Now that you mention it, I do believe it is technically EU. While you are right about what the films portray, originally Sifo-dyas's story was meant to be expanded upon in the 3rd movie. They ended up releasing a novel in the interim titled Labyrinth of Evil, as well as a few comics.

General Dog
Apr 26, 2008

Everybody's working for the weekend

aBagorn posted:

Obi Wan's conversation with Yoda on Kamino implies that Syfo Dyas was a real Jedi Council member that either was working with Palpatine or was killed by Palpatine, who then assumed his identity to make the army

In any event it's strange that that plot point was established as something of a mystery in episode 2, and then went completely unexplained and uncommented on in episode 3. Why is it worth mentioning that a Jedi we had never heard of before and never heard of again purchased the clone army?

I feel like Qui Gon was originally come into play in episode 3 as having had something to do with it, but then because of scheduling conflicts or whatever reason it never happened.

A more fun assumption to make is that the Sypho-Dyas who was on the Jedi Council was actually just Palpatine wearing a fake mustache, keeping tabs on the council and spreading dissent.

SuperMechagodzilla
Jun 9, 2007

NEWT REBORN
The Sifo-Dias plot point rules because it's transparently obvious that he's Palpatine, and yet it's never 'officially' resolved because the Jedi are dumb and clouded by the dark side.
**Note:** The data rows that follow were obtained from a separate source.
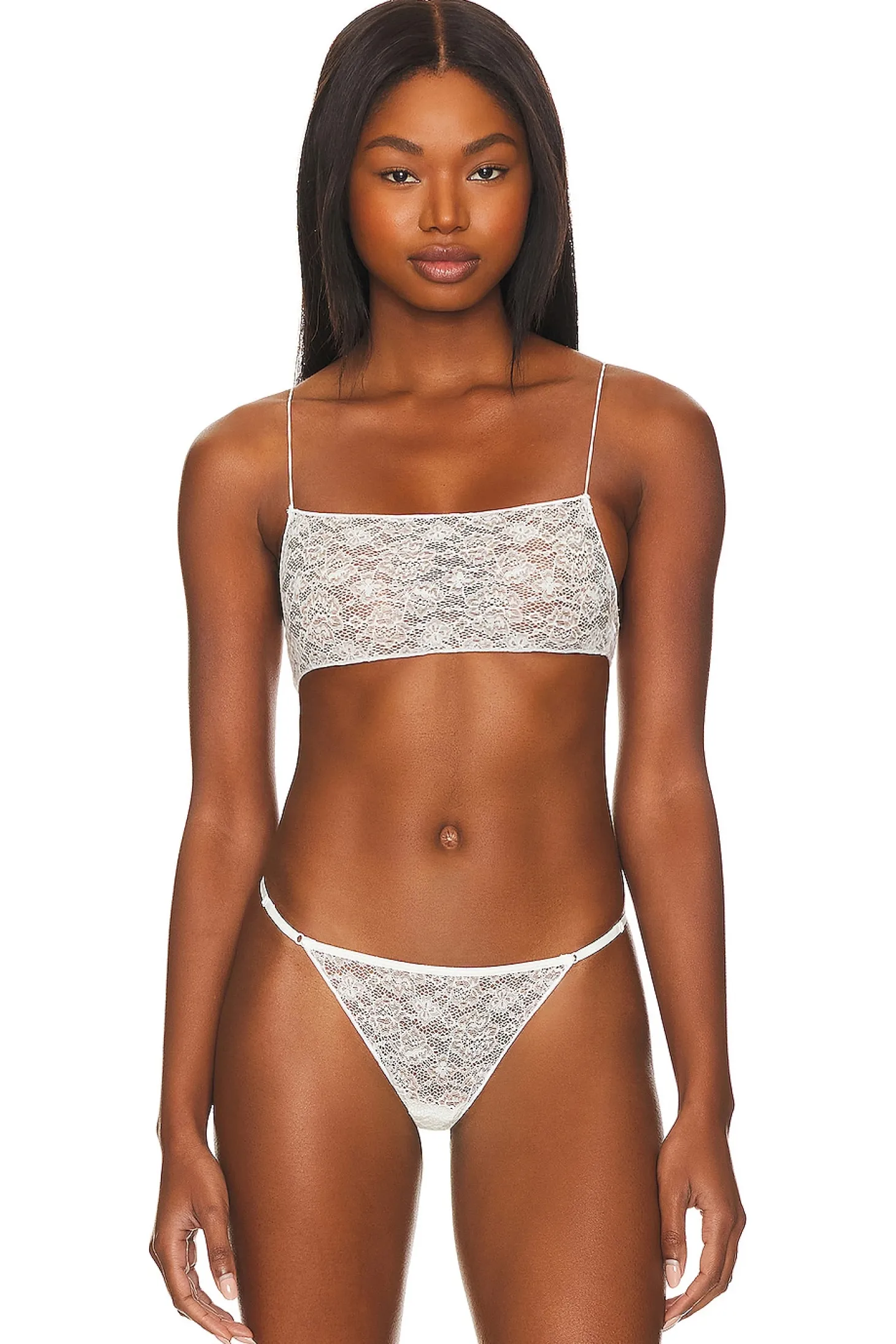 58% recycled polyamide 42% elastane.Made in Portugal.Machine wash.Unpadded.Sheer lace fabric.Item not sold as a set
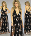 Dieses schwarze Galakleid hat einen Mesh-Overlay, der mit rosa Pailletten besetzt ist. Diese Pailletten verlaufen in einem dekorativen Muster über das Kleid. Es hat einen tiefen V-Ausschnitt und verstellbare Schulterträger, die sich im Rücken kreuzen. Am Rücken befindet sich ein verdeckter Reißverschluss. Das Kleid sitzt oben gut und ist unten locker. Vorne hat der Unterrock zwei hohe Schlitze. Dieses schöne Kleid enthält Stretch.
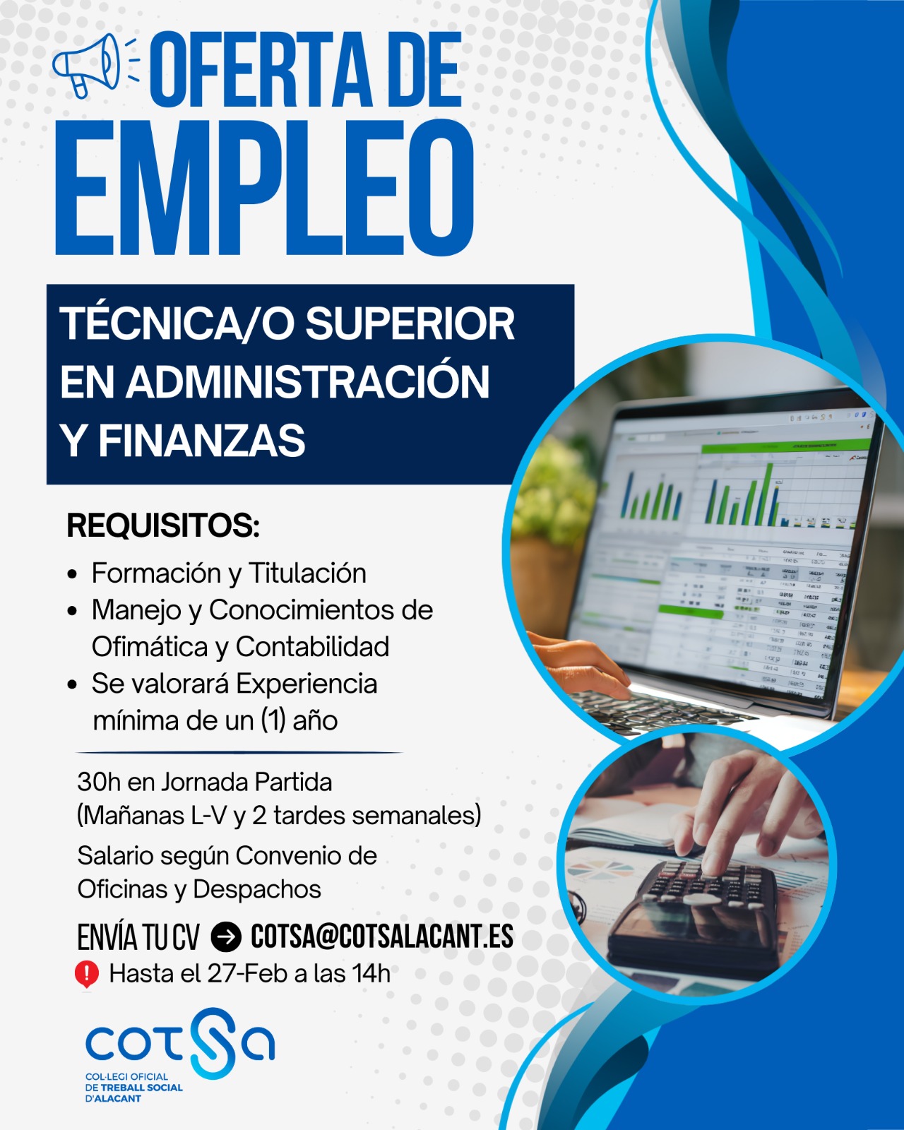 Nos encontramos en proceso de selección para incorporar un/a profesional a COTSA, por lo que solicitamos tu colaboración en la difusión de la presente convocatoria.

Instead of figuring things out, Yoda is just happy to feel relevant. The 'failure' of the plot is a failure of the characters.
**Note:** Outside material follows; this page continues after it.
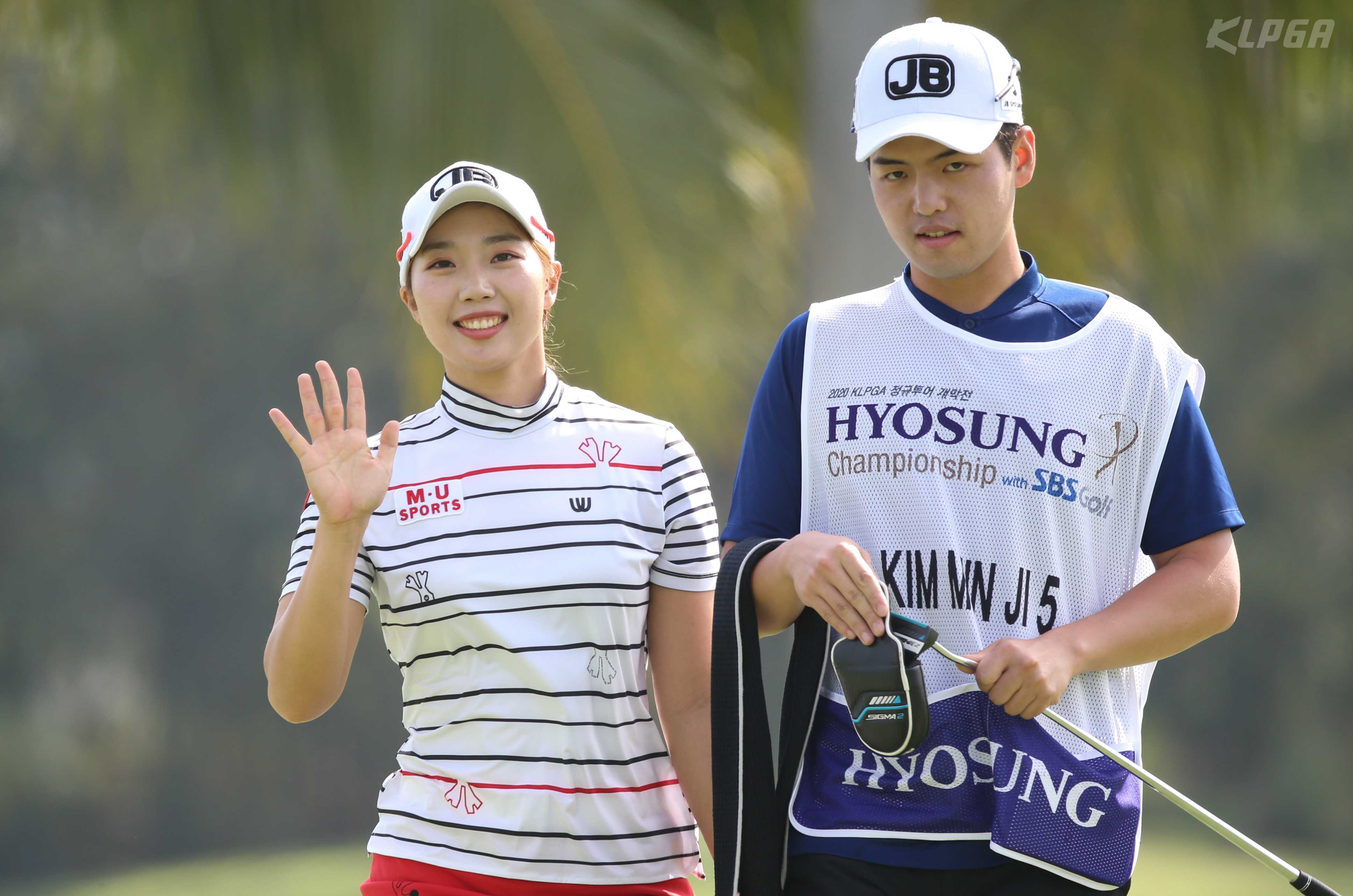 김민지5 2번홀 홀아웃하며 인사하고 있다

Then, since wookiepedia demands an official, canonical explanation, the EU bullshits a lump of fake plotting right into a waiting shopping cart.

Tender Bender
Sep 17, 2004

SuperMechagodzilla posted:

The Sifo-Dias plot point rules because it's transparently obvious that he's Palpatine, and yet it's never 'officially' resolved because the Jedi are dumb and clouded by the dark side. Instead of figuring things out, Yoda is just happy to feel relevant. The 'failure' of the plot is a failure of the characters.

Then, since wookiepedia demands an official, canonical explanation, the EU bullshits a lump of fake plotting right into a waiting shopping cart.

Well it's confusing because after it is clear that Sifo-dias is Palpatine wearing a moustache, the movie then goes to some effort to explain that Sifo-Dias actually is a real person the Jedi used to hang out with, who is not Palpatine or Dooku. You can pretty clearly extrapolate that Palpatine made the order under this dude's name right when he died, it's a serviceable mystery, just very clumsy in its execution.

I just googled him and the EU apparently has this elaborate explanation involving betrayal and visions of the future... why? I don't know.

DancinBrud
Jul 23, 2007

One of the "bonus episodes" of Clone Wars coming out in early 2014 is going to involve Syfo-Dias in some way. So that may shed some light on (or very possibly further confuse) the issue.

Wank
Apr 26, 2008

Frackie Robinson posted:

A more fun assumption to make is that the Sypho-Dyas who was on the Jedi Council was actually just Palpatine wearing a fake mustache, keeping tabs on the council and spreading dissent.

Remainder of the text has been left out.